--- Exercise instructions ---
Could you copy exactly the lines from the one containing "For those sunny" through the last line of the records, leaving out every picture?

[Records from a dataset]
◇ ◇ ◇ ◇ ◇ ◇ ◇

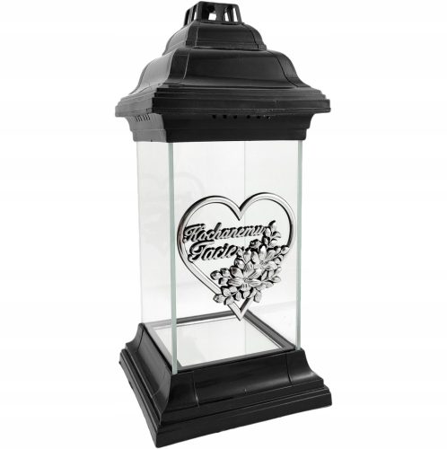 Kapliczka wykonana z grubego i bezbarwnego szkła. Na środku szyby znajduje się duże srebrne serce z dedykacją Kochanemu Tacie. Znicz jest ciężki, solidny, a szeroka podstawa zapewnia stabilność. Lampion posiada szeroki otwór na wkład o średnicy 7,5cm, dzięki czemu jest przystosowany do wielu rozmiarów wkładów parafinowych, olejowych oraz różnego rodzaju figurek oraz wkładów led.
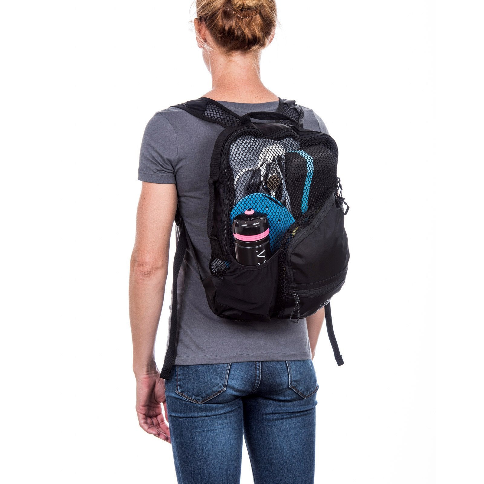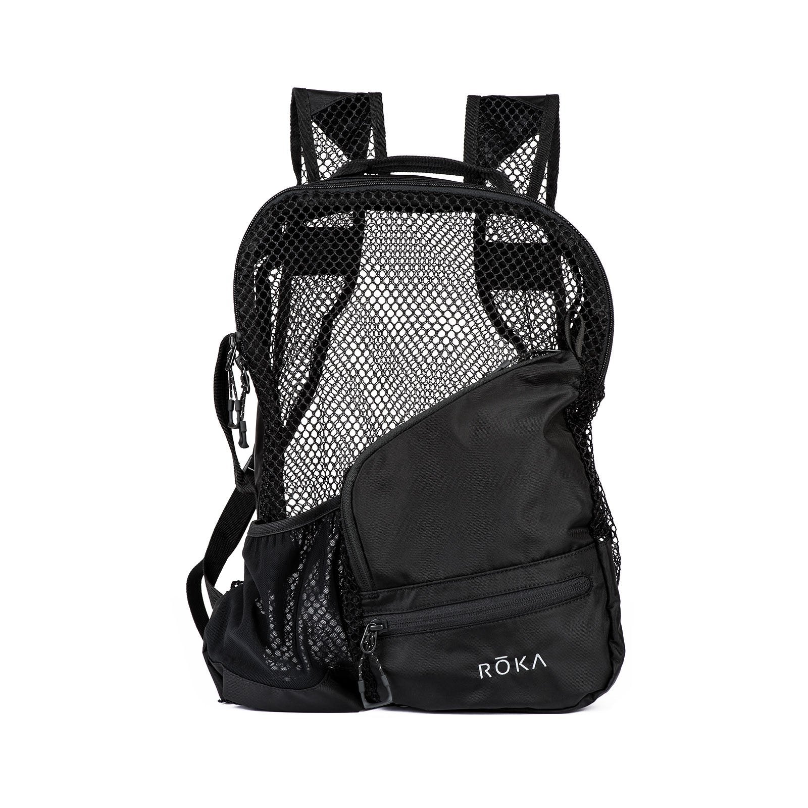 - Large front zip pouch with ventilated mesh back
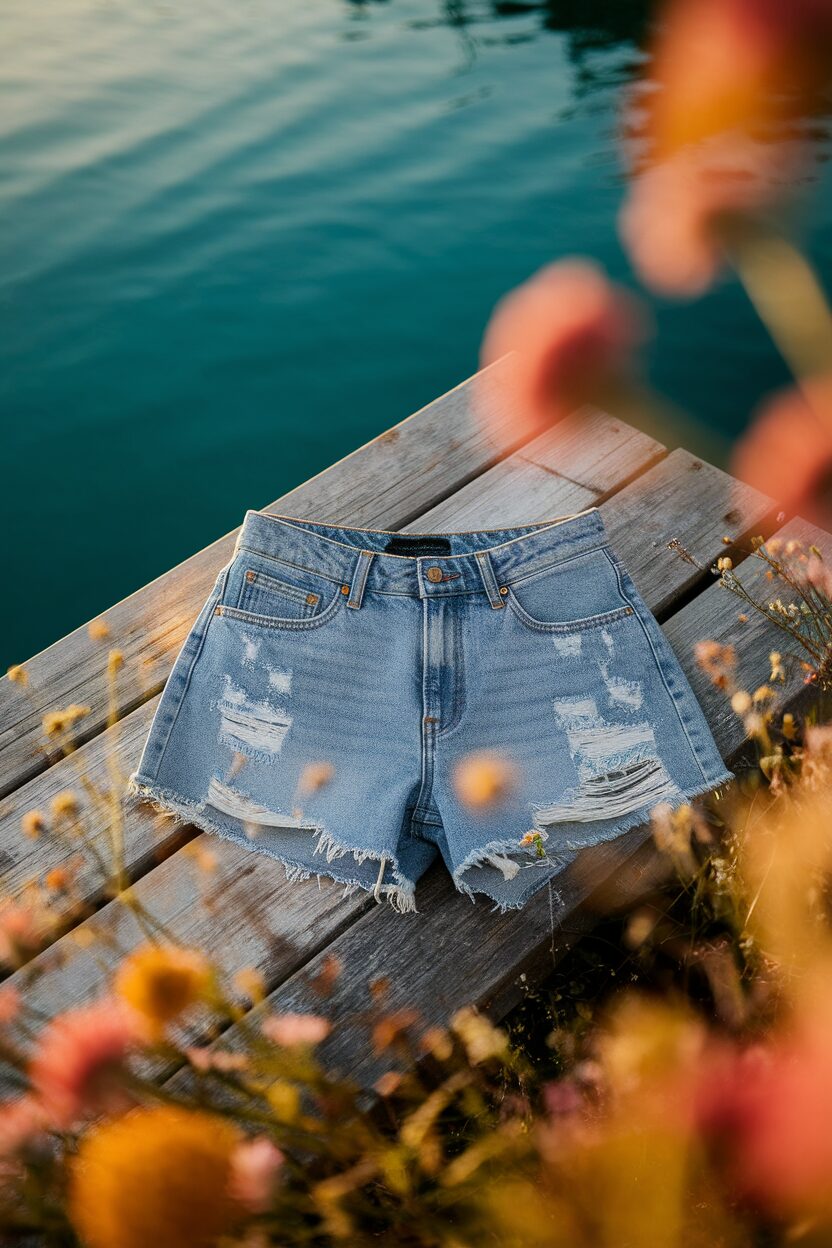 For those sunny days, distressed denim shorts offer a laid-back, carefree vibe. The frayed edges and ripped details add a touch of edginess to your outfit. They’re perfect for a beach day or a casual barbecue.
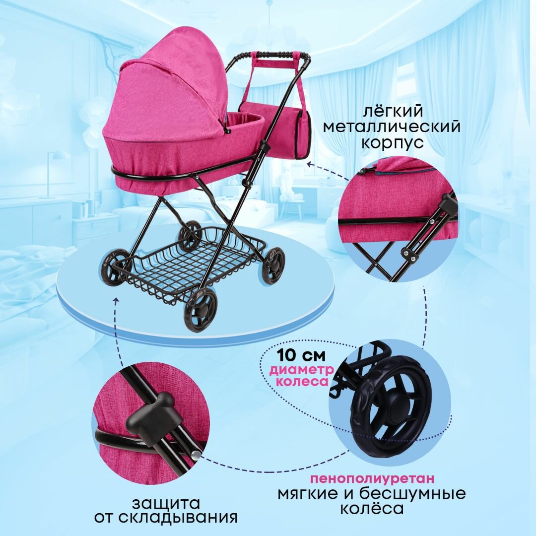 Коляска детская для кукол до 45 см с люлькой и сумкой, металлическая, размеры 63х35х71см. Подарок для девочек 3+ Артикул 9325-F информация:
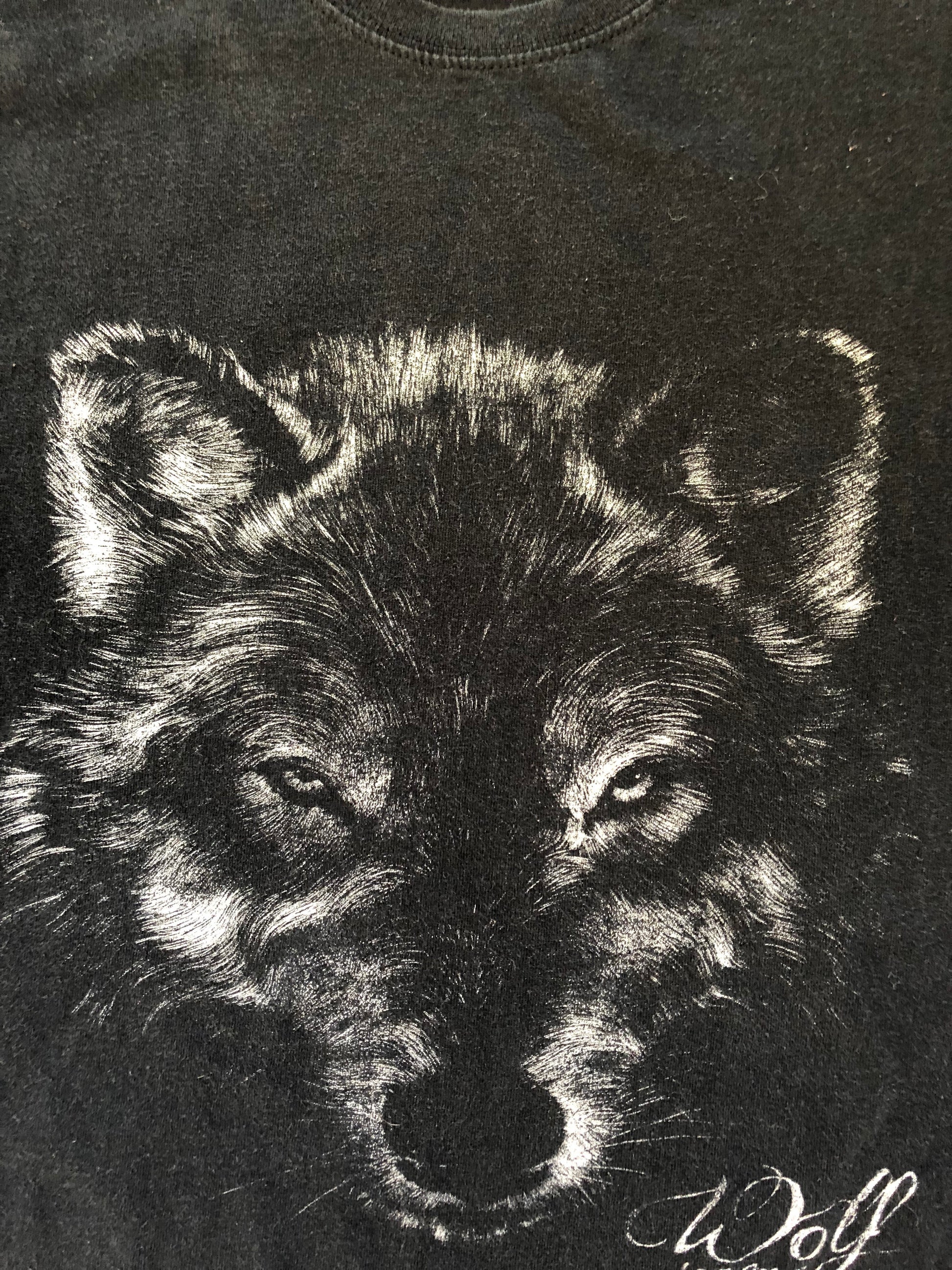 Black cropped T-shirt with wolf face graphic. Printed on a Gildan T-shirt size Medium
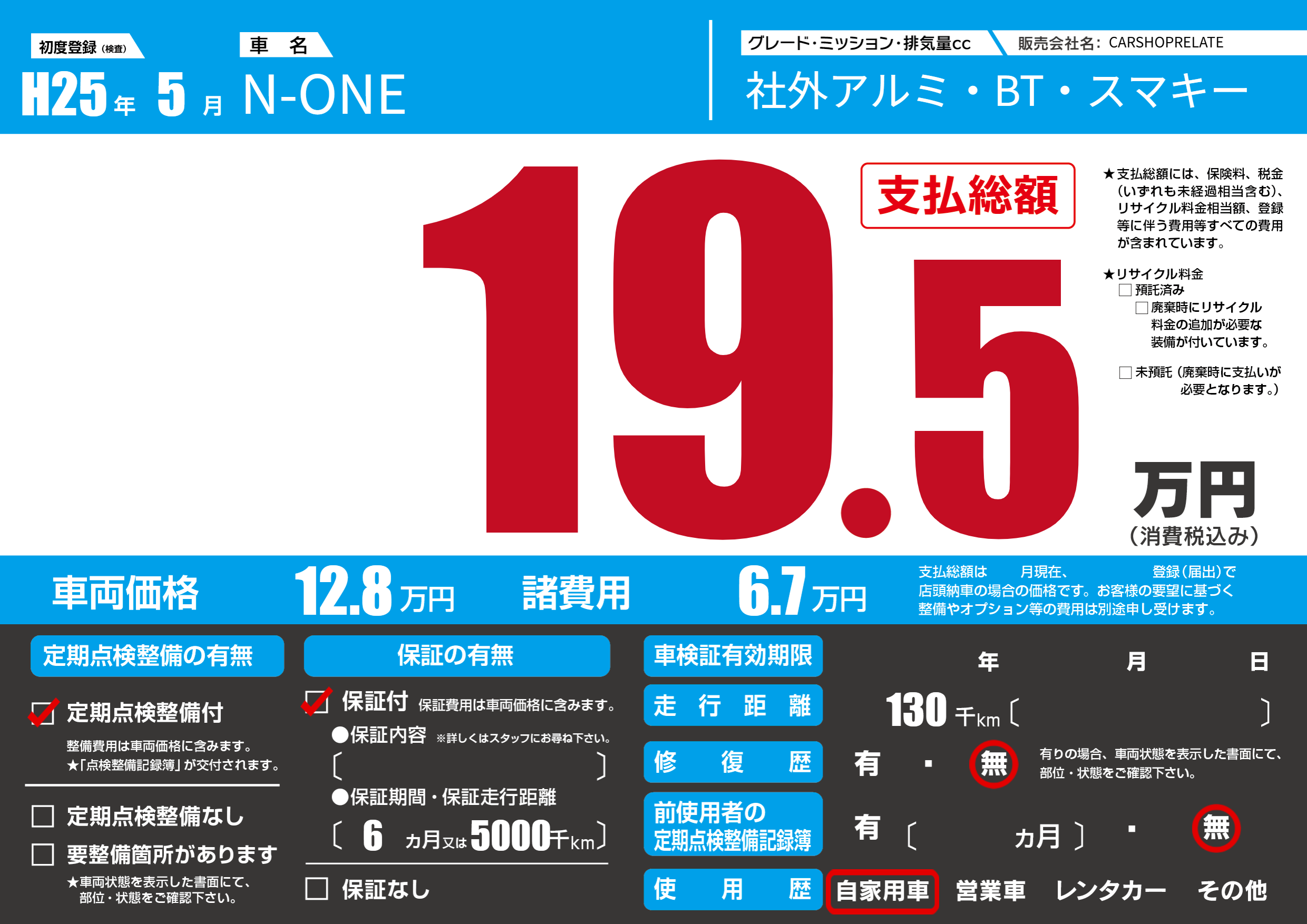 | 定期点検整備 | 定期点検整備あり | ||

◇ ◇ ◇ ◇ ◇ ◇ ◇

--- Task output ---
 For those sunny days, distressed denim shorts offer a laid-back, carefree vibe. The frayed edges and ripped details add a touch of edginess to your outfit. They’re perfect for a beach day or a casual barbecue.
 Коляска детская для кукол до 45 см с люлькой и сумкой, металлическая, размеры 63х35х71см. Подарок для девочек 3+ Артикул 9325-F информация:
 Black cropped T-shirt with wolf face graphic. Printed on a Gildan T-shirt size Medium
 | 定期点検整備 | 定期点検整備あり | ||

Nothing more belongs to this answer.